__WHAT TO DO__
Every line of the material needs an exact copy, apart from the images.

• • • •

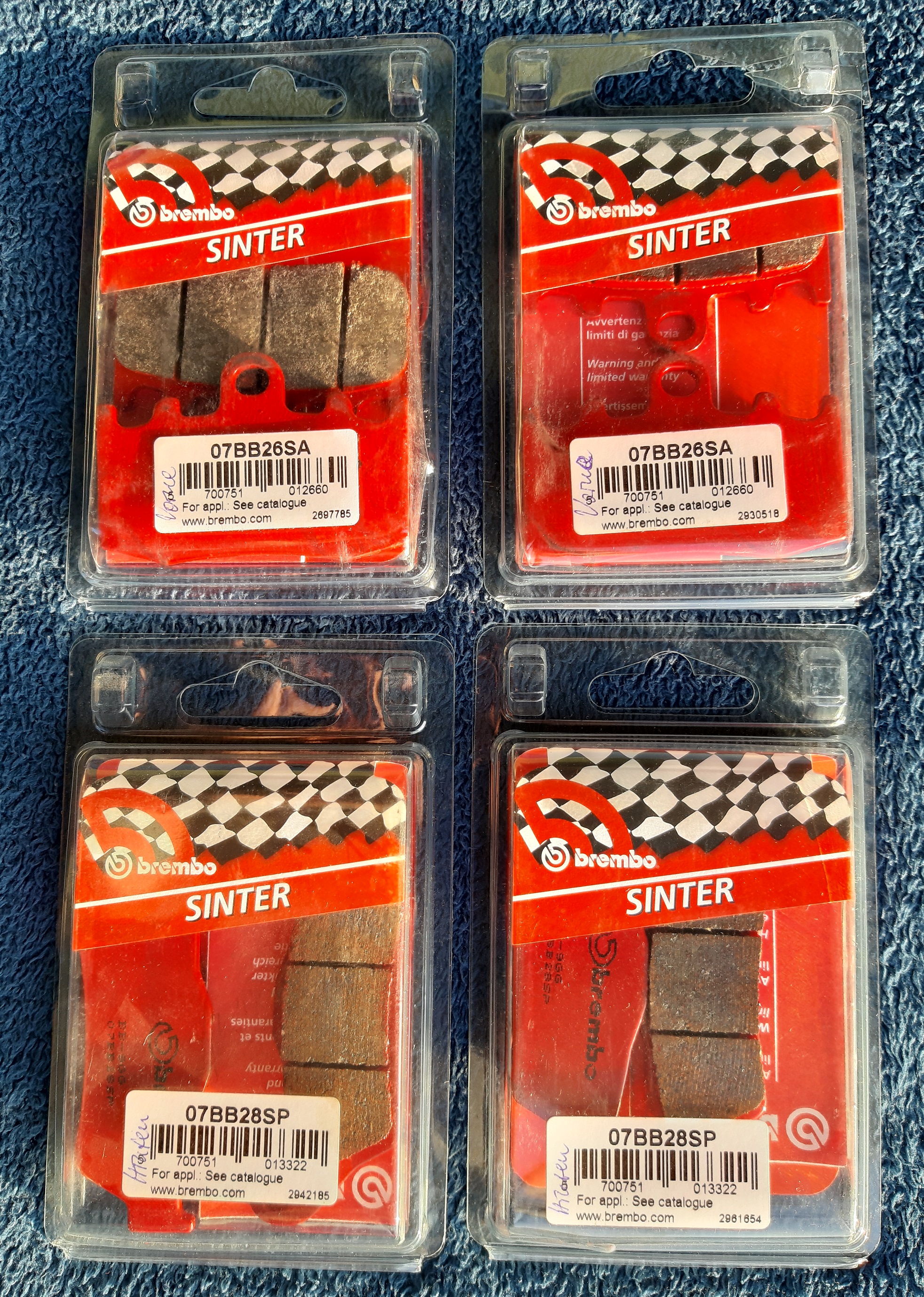 wegen Fahrzeugwechsels verkaufe ich je zwei Paar Brembo Sinter-Bremsbeläge für die K25 ab Bj. 2004:
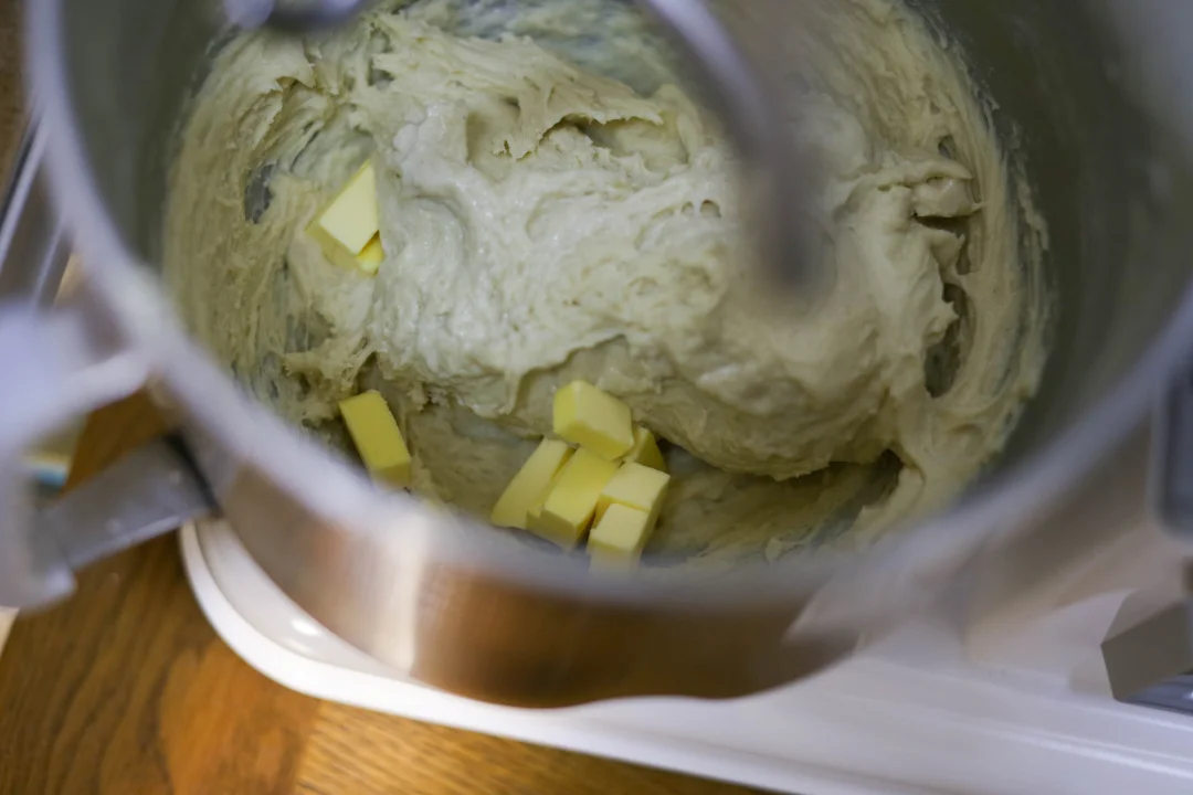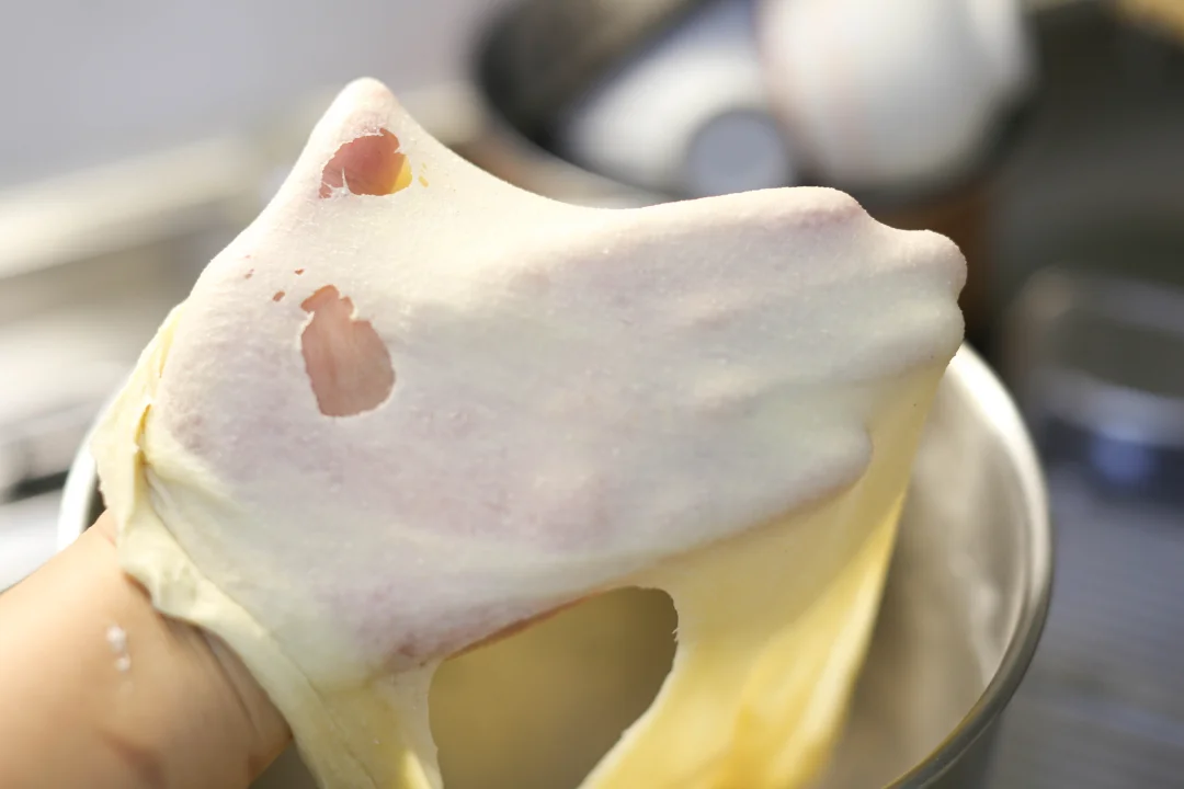 1:把所有材料除了黄油之外,全部放到搅拌机中,低速搅拌到没有干粉的状态,高档位打出后膜状态,加入黄油,3档搅拌到和黄油混合之后,高档位打出手套膜。
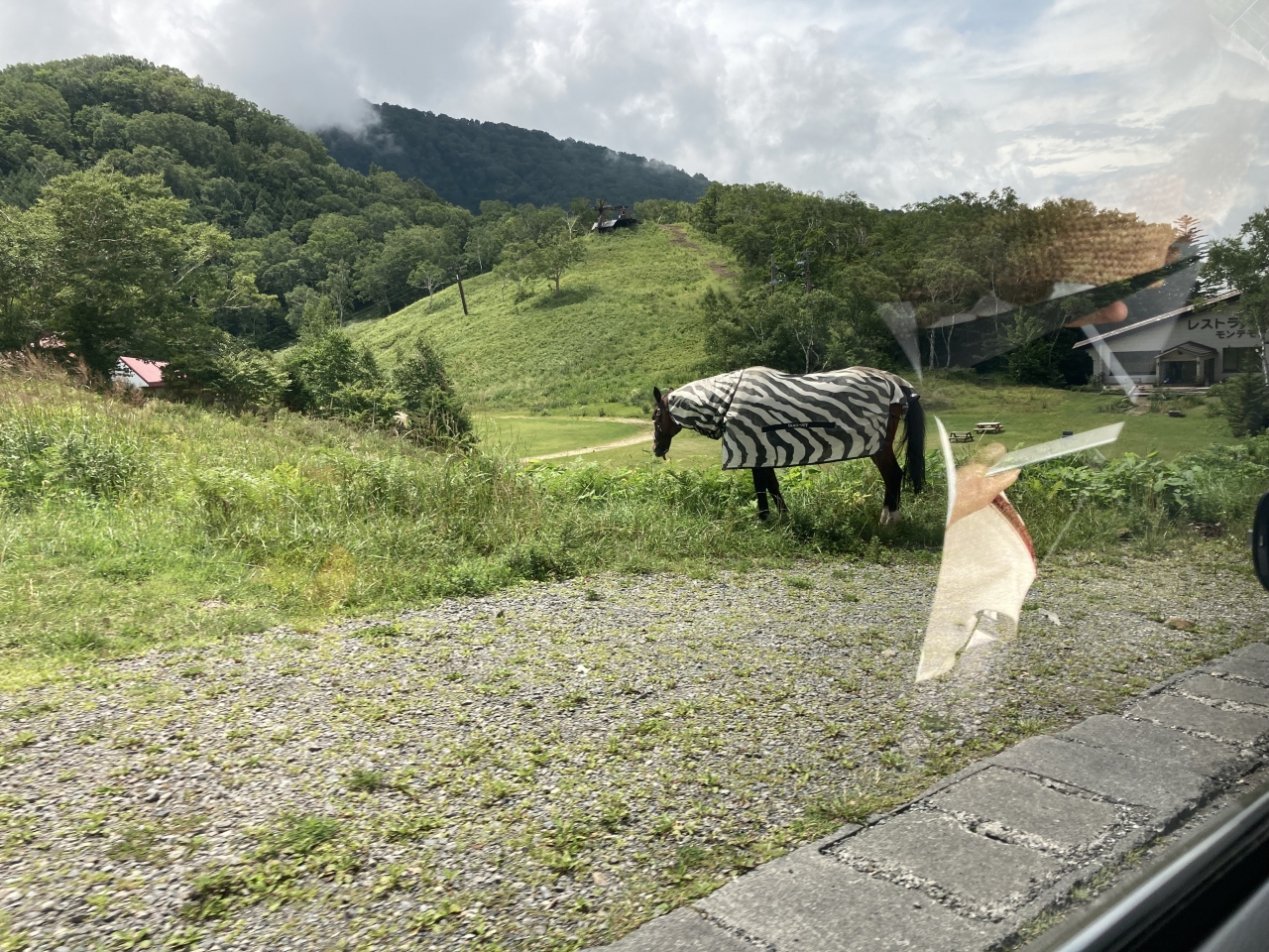 夏に志賀高原をドライブ中にスキー場の麓に何とシマウマ!
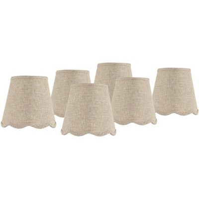 Springcrest 4" Top x 6" Bottom x 5 1/2" High x 5 1/2" Slant Lamp Shade Replacement Set of 6 Small Fawn Brown Bell Modern Scalloped Clip On Candelabra
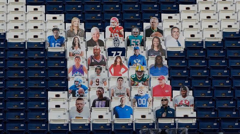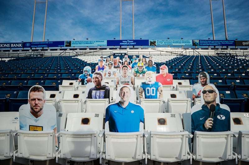 Twenty-six famous Utah ties and BYU alumni, most from the sporting world, were represented on cardboard cutouts in a close cluster in the east stands during BYU’s game against Troy.
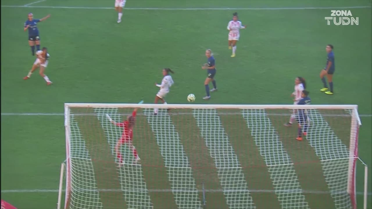 Sabrina se encontró la oportunidad de disparar a gol, pero la pelota se negó a entrar a la red a los 51’.
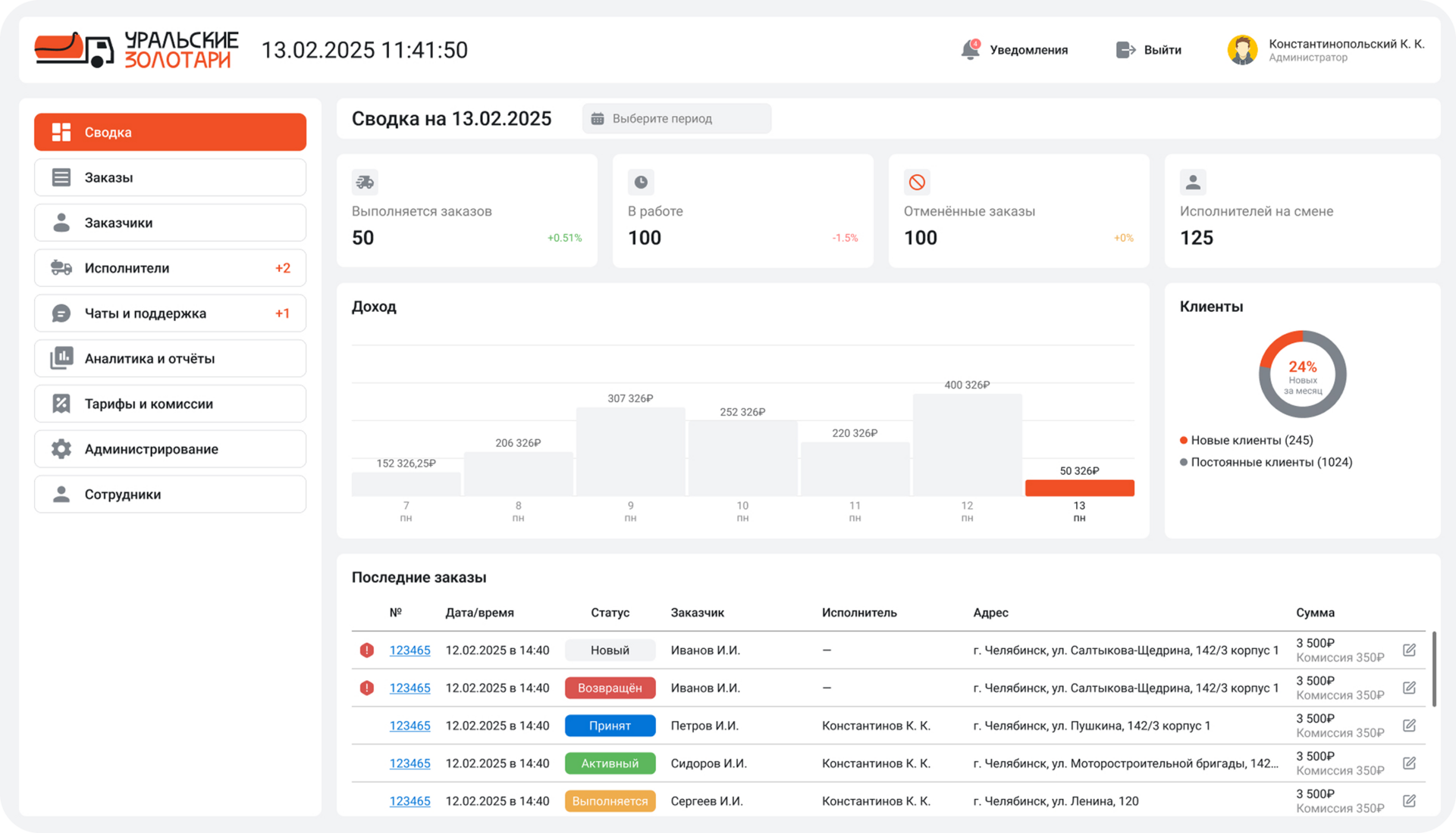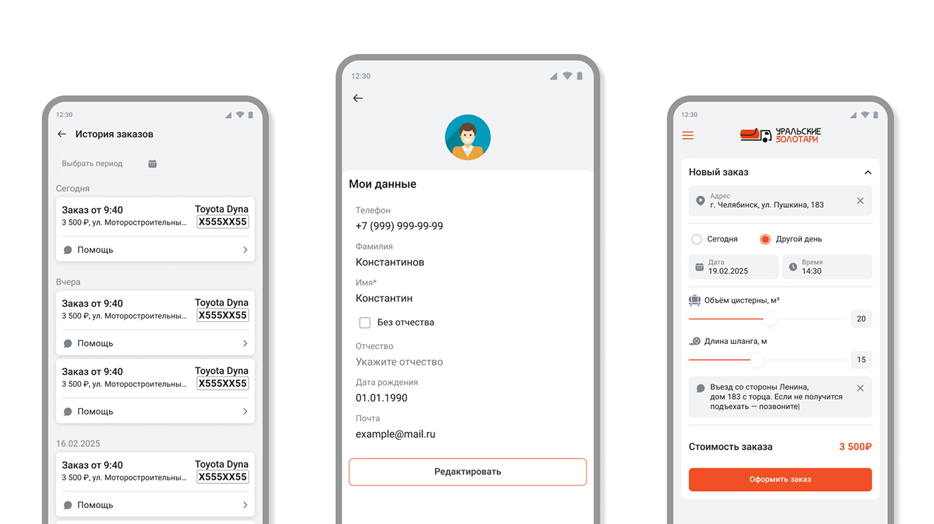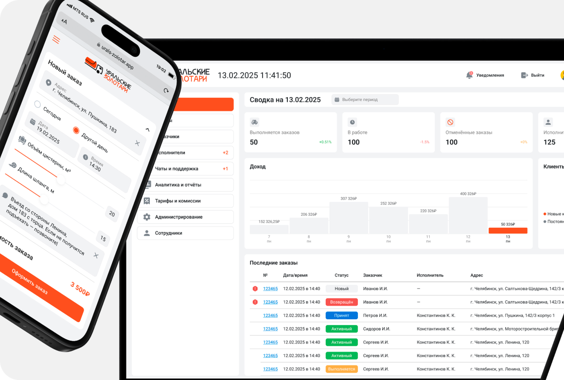 Разработать веб-приложение, которое объединяет три типа пользователей: клиентов, исполнителей и администраторов. Сервис позволяет заказывать услуги ассенизаторов, управлять заказами, отслеживать статус, общаться с поддержкой и вести финансовые расчёты — в одном интерфейсе.

• • • •

__ANSWER TO THIS EXERCISE__
 wegen Fahrzeugwechsels verkaufe ich je zwei Paar Brembo Sinter-Bremsbeläge für die K25 ab Bj. 2004:
 1:把所有材料除了黄油之外,全部放到搅拌机中,低速搅拌到没有干粉的状态,高档位打出后膜状态,加入黄油,3档搅拌到和黄油混合之后,高档位打出手套膜。
 夏に志賀高原をドライブ中にスキー場の麓に何とシマウマ!
 Springcrest 4" Top x 6" Bottom x 5 1/2" High x 5 1/2" Slant Lamp Shade Replacement Set of 6 Small Fawn Brown Bell Modern Scalloped Clip On Candelabra
 Twenty-six famous Utah ties and BYU alumni, most from the sporting world, were represented on cardboard cutouts in a close cluster in the east stands during BYU’s game against Troy.
 Sabrina se encontró la oportunidad de disparar a gol, pero la pelota se negó a entrar a la red a los 51’.
 Разработать веб-приложение, которое объединяет три типа пользователей: клиентов, исполнителей и администраторов. Сервис позволяет заказывать услуги ассенизаторов, управлять заказами, отслеживать статус, общаться с поддержкой и вести финансовые расчёты — в одном интерфейсе.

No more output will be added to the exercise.